Description of the task -> A faithful copy is needed of the lines below from the one with "Блуза женская из" up to and including the one with "Продавам часовник Atlantic"; set it down with no pictures and no other lines.

Records provided ->
▶

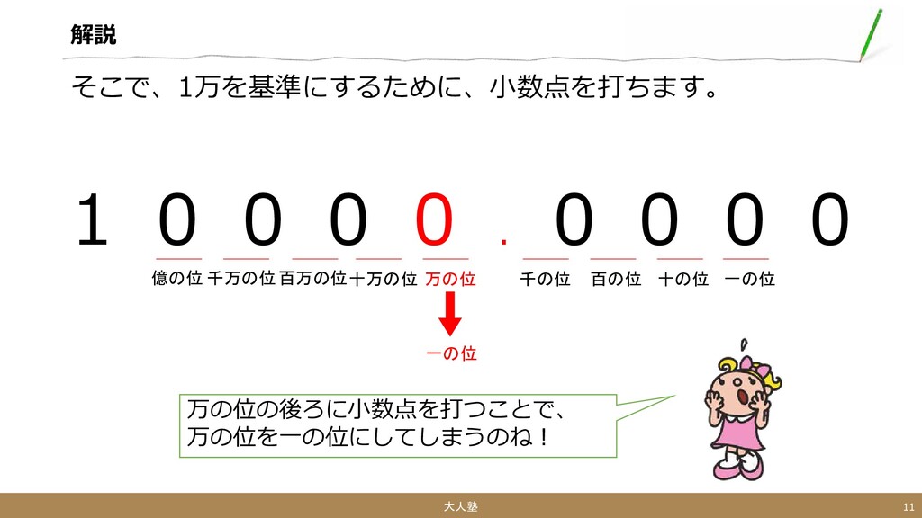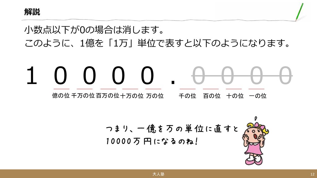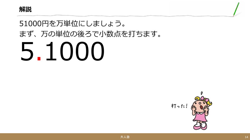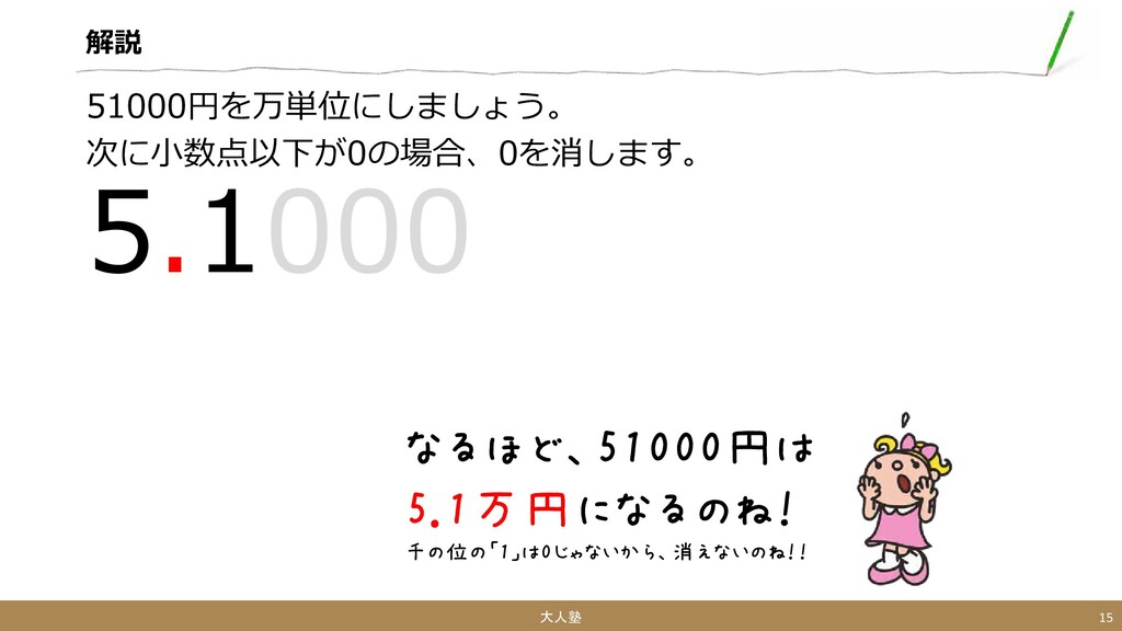 解説 51000円を万単位にしましょう。 次に小数点以下が0の場合、0を消します。 5.1000 大人塾 15 なるほど、51000円は 5.1万円になるのね! 千の位の「1」は0じゃないから、消えないのね!!
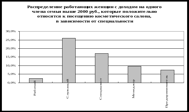Основную категория потенциальных посетителей салона составляют специалисты и служащие.
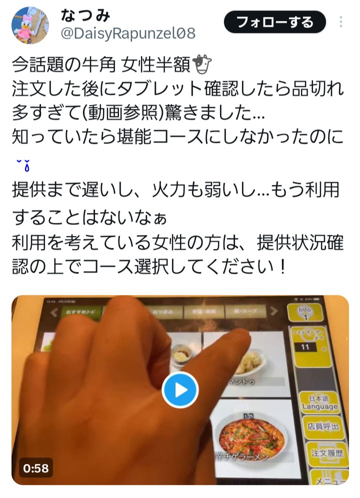 文句言ってる弱男なんてどの道普段から牛角なんて行かないだろうしな
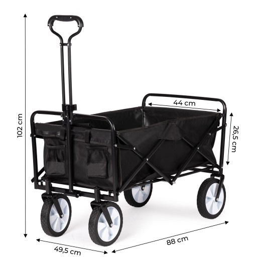 Wielozadaniowy wózek doskonale sprawdzi się w ogrodzie, czy na wakacjach. Umożliwia transportowanie wszelkiego rodzaju niewielkiego ładunku.
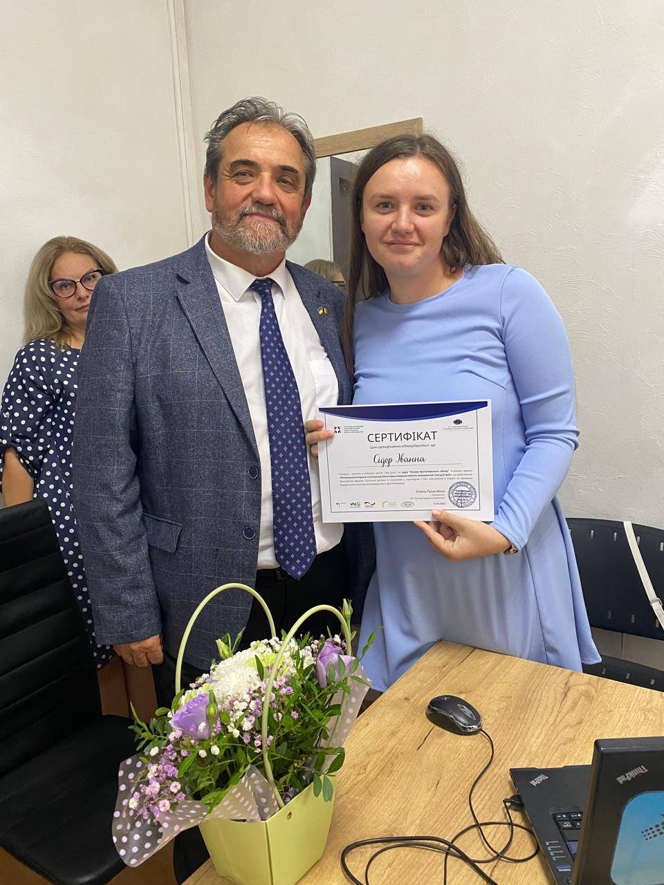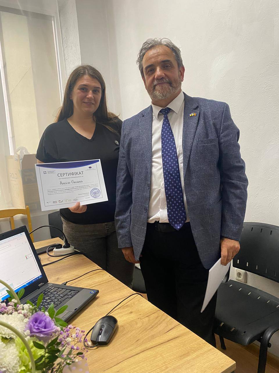 Сьогодні віце-президент Фонду Сергій Гакман та керівниця відділу проєктів Наталія Філяк вручили останні сертифікати учасникам курсу «Основи бухгалтерії».
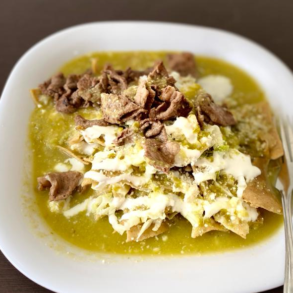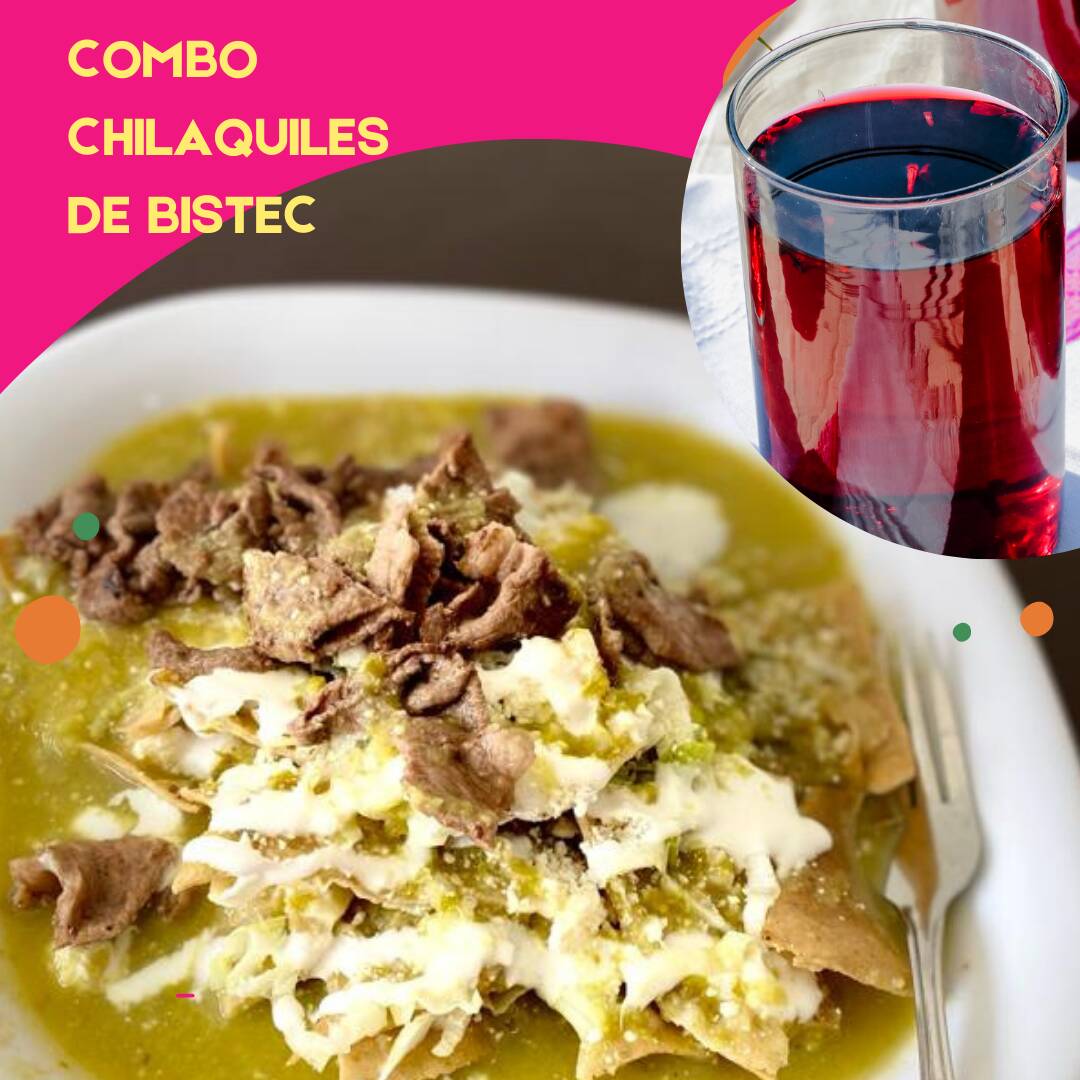 Chilaquiles de Arrachera*1 + Agua De Jamaica*1 + Coktail de Fruta "De Temporada"*1
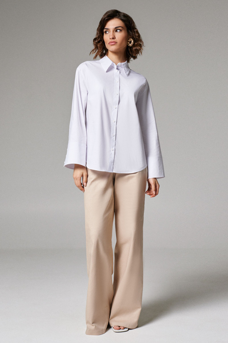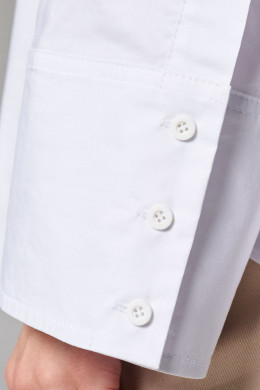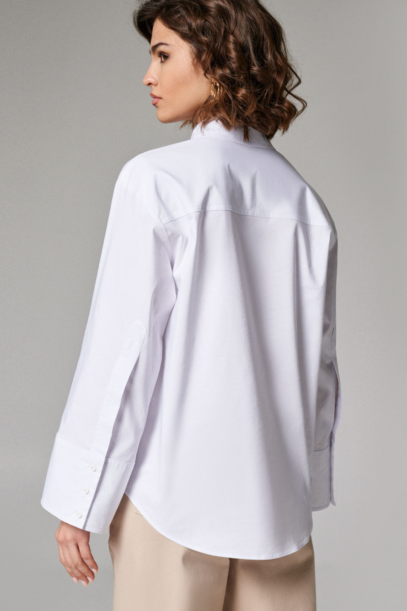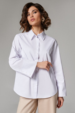 Блуза женская из хлопковой ткани для повседневной носки. Блуза с воротником-стойкой, фронтальной застежкой на петли-пуговицы. По спинке блузки отрезная кокетка. Рукав втачной длинный, оформленым широкой манжетой, застёгивающиеся на петли-пуговицы.
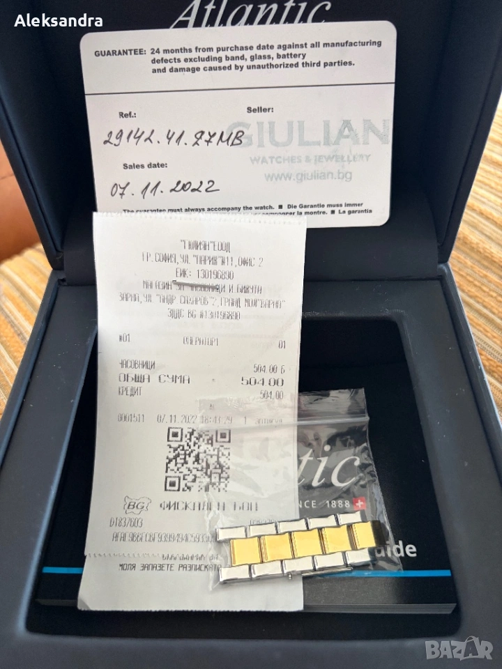 Продавам часовник Atlantic Elegance, носен е, без конкретни забележки. Изпращам с оригинална кутия. Купуван е от Guilian.
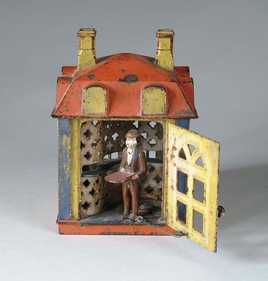 NOVELTY MECHANICAL BANK. Building bank from J & E Stevens. Open door to reveal teller with coin tray. He disappears upon closing door, depositing coin. SIZE: 4-1/2″ w x 4-1/2″ d x 6-1/2″ h. CONDITION: Very good, retaining much of original paint. AT 5-71667-1 (400-600)
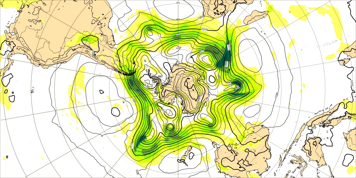 ・ヨーロッパのWの寒気トラフ:寒気南下
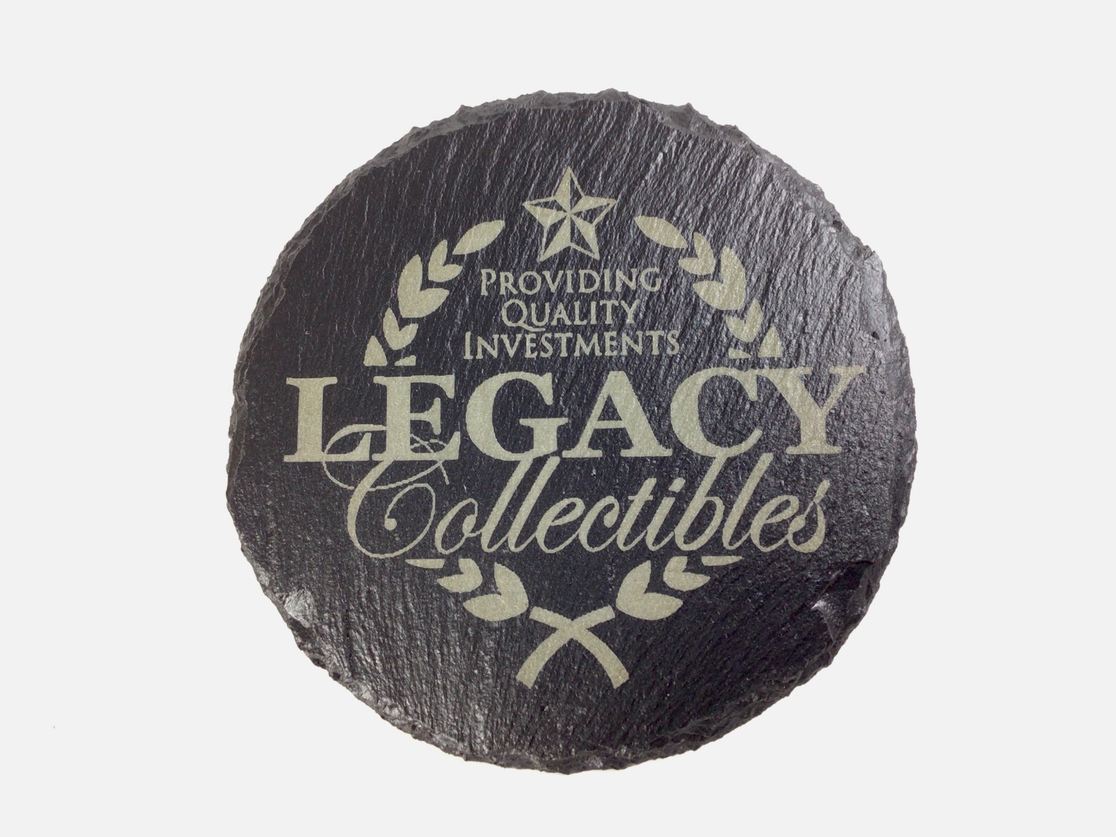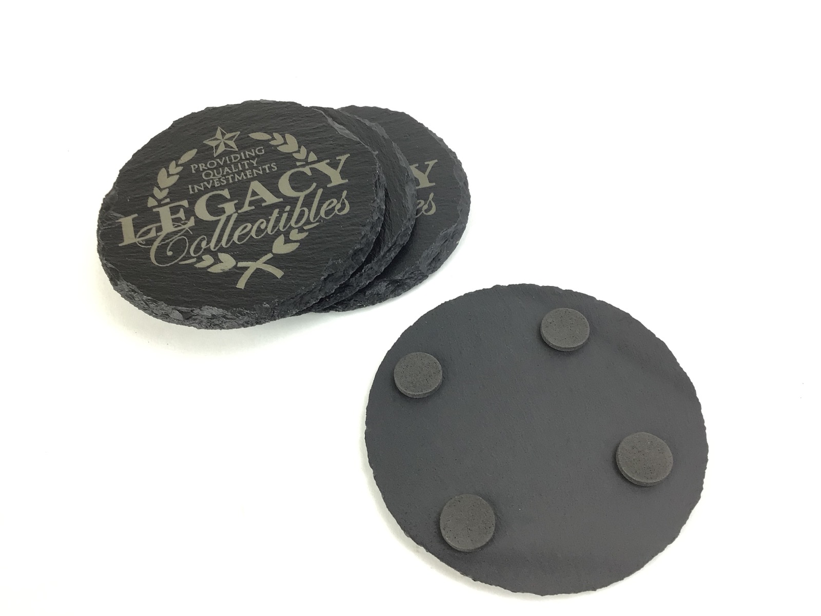 3/11/24 – Set of 4. Manufactured at our Ohio office. These sturdy, 4″ slate coasters are laser engraved with the your choice of manufacturer, or, Legacy Collectibles logo. Coated with a water proof finish featuring soft feet for placement on any surface.

◀

Task result ->
 Блуза женская из хлопковой ткани для повседневной носки. Блуза с воротником-стойкой, фронтальной застежкой на петли-пуговицы. По спинке блузки отрезная кокетка. Рукав втачной длинный, оформленым широкой манжетой, застёгивающиеся на петли-пуговицы.
 Продавам часовник Atlantic Elegance, носен е, без конкретни забележки. Изпращам с оригинална кутия. Купуван е от Guilian.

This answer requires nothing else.